This is the kind of incident that has one potential victim, but many potential repercussions. That victim in this case is a 54-year-old schoolteacher who, newly arrived in Sudan and naive as so many are about Islam, meets with the primitive nature of Islam.
For we can all recognize and instantly grasp, the teacher’s innocence, just as we could all see the innocence of those Bulgarian nurses held for eight years by the Libyans, raped and tortured and threatened repeatedly with execution. And we know the story, of how she allowed her little seven-year-old charges to vote on the name they wanted to give the little teddy bear, little seven-year-old Muslim children not yet sufficiently brainwashed into every element of Islam, just the way some of the younger children, the American soldiers in Iraq have found, are still….still touchingly sweet, human, recognizable in their behavior, even genuinely friendly and grateful.
But just give those children a little time, a little more socializing into Islam, a few more years learning from their elders, and soon enough they will learn to be otherwise. They will learn to be like their elders are now, shifty, meretricious, hostile to those American soldiers handing them candy, soccer balls, whatever else those American soldiers, Thidwicks on the Tigris, are in the business of handing out.
The innocence of this lady was also the innocence of Daniel Pearl, who was ignorant of Islam and Muslims though he had written about Muslims, and had grown up in a family with a mother who recalled, a bit too nostalgically, stories about her life in Baghdad as a Jew. (She left Baghdad as a small child, and no doubt the stories were those of her parents, who remembered only the good, at the very time when, because of the British and the aftermath of the British presence, Jews in Baghdad had temporarily flourished or, later, had at least been left alone — until the “Farhud” of June 1-2, 1941, when hundreds were killed.) Pearl was unschooled in Islam and too trusting. And then there was that young American boy, who grew up in a household with a father, Michael Berg, who was sure everyone in the world was fine, save possibly American right-wing capitalists, and gave his son the same terminally naive worldview. That son, Nicholas Berg, flew up, on his own, mind you, to Iraq to “help” the “people of Iraq” in building up their country. And for his pains, he was decapitated, to shouts of Allahu Akbar, on camera.

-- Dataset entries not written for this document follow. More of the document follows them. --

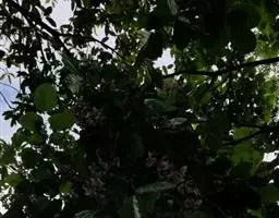 2、翅荚香槐又名:小叶光板朱藤。大乔木,高30米,胸径80-120厘米;树皮暗灰色,多皮孔。一年生枝被褐色柔毛,旋即秃净。奇数羽状复叶;小叶3-4对,互生或近对生,长椭圆形或卵状长圆形,基部的最小,顶生的最大,通常长4-10厘米,宽3-5.5厘米,先端渐尖,基部钝圆或宽楔形,侧生小叶基部稍偏斜,上面无毛,下面近中脉处被疏柔毛或无毛,中脉上面稍凹陷,下面明显隆起,侧脉6-8对,近边缘网结,细脉明显;小叶柄长3-5毫米,密被灰褐色柔毛;小托叶钻状,长达2毫米,无毛。圆锥花序长30厘米,径15厘米;花序轴和花梗被疏短柔毛,花梗细,长3-4毫米;花萼阔钟状,与花梗等长,密枝棕褐色绢毛,萼齿5,三角形,近等长;花冠白色,芳香,旗瓣长圆形,瓣片长6毫米,宽4毫米,柄长约4毫米,先端圆或微凹缺,翼瓣三角状卵形,瓣片长8毫米,宽5毫米,柄长3-4毫米,稍具耳,龙骨瓣卵形,与翼瓣近等长,稍宽,柄纤细,长约4毫米;雄蕊10,离生;子房线形,被淡黄白色疏柔毛,花柱稍弯曲,胚珠5-6粒。荚果扁平,长椭圆形或长圆形,长4-8厘米,宽1.5-2厘米,两侧具翅,不开裂,有种子1-2粒,稀4粒;种子长圆形,长约8毫米,宽3毫米,压扁,种皮深褐色或黑色。花期4-6月,果期7-10月。
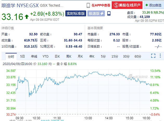 新浪科技讯 北京时间4月10日清晨音讯,周四收盘,跟谁学(NYSE:GSX)股价大涨8.83%,报33.16美元。
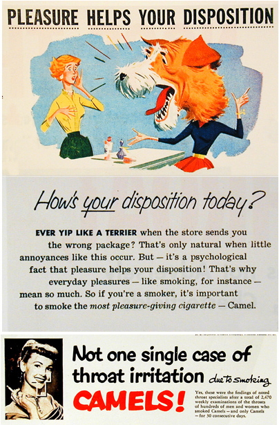 In 1956, cigarette companies were still promoting smoking as a remedy to tense nerves and as a way to avoid “yipping like a terrier,” as in this ad for Camels. Because of FTC rules regulating the direct claim of medical benefits, Camel made the indirect link between smoking pleasure and a more pleasing disposition. Below, Camel’s famous T-Zone philosophy, which held that Camels, “and only Camels” caused no throat irritation even after 30 days!
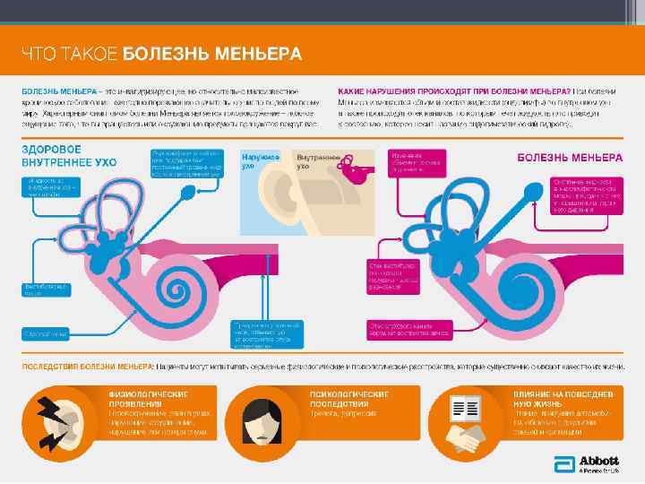 Симптомы болезни Меньера • Приступ выраженного системного головокружения • Отмечается заложенность, распирание и шум в ухе, нарушение координации и равновесия, снижение слуха, одышка, тахикардия, побледнение лица, повышенное потоотделение. • Объективно в период приступа наблюдается ротаторный нистагм. • После приступа болезни Меньера у пациентов некоторое время сохраняется тугоухость, шум в ухе, тяжесть в голове, небольшое нарушение координации, чувство неустойчивости, изменение походки, общая слабость.

The schoolteacher in Khartoum taught not in a primitive village, but in a school for the children of Western diplomats and of the Sudanese elite — akin to the American School in Kuwait City and other such schools, especially Christian-run schools, all over the Muslim world. The Muslim elite of course is eager to send its children to such schools, recognizing that schools run, say, by Jesuits in Baghdad, or nuns in Pakistan, are likely to provide an education far superior to any offered by a Muslim-run school. That eagerness to have one’s own children attend schools run by Americans or Europeans, often Catholic schools, and then to attend university in the West, does not translate into any recognition that something must be wrong with Islam and societies suffused with Islam — and only the denial of such possibilities will force Muslims to begin to think in those terms, as they should, as we must create the conditions that will force them to do so.
The poor lady is no doubt very upset. But the case, from the viewpoint of Infidels, and the close-up look at the behavior of those screaming crowds calling for her death — that is good, that is useful. That is the kind of thing Western television, which does not know how to cover something unseen — the texts and tenets of Islam — will be sure to cover.
Very welcome.
The Teddy Bear Incident.
It’s like “Perdicaris Alive or Raisuli Dead.” There is an individual life at stake — the life of someone with whom all of us can identify, and whom none of us can fault. We might, any one of us, in the West, have asked our seven-year-old charges to “name that bear.” We might, sweetly, have thought — “Muhammad is the name of three-quarters of the kids in the class, so why not let them name the bear Muhammad?”
We might. Once. But not now. Now we hear the screams for death and won’t forget them. We know that the ludicrous government of an absurd place called the Sudan has tried and sentenced this lady. We are no longer in the mood, as we might have been, to take such places seriously. Or at least, to treat them with any respect. Why should we?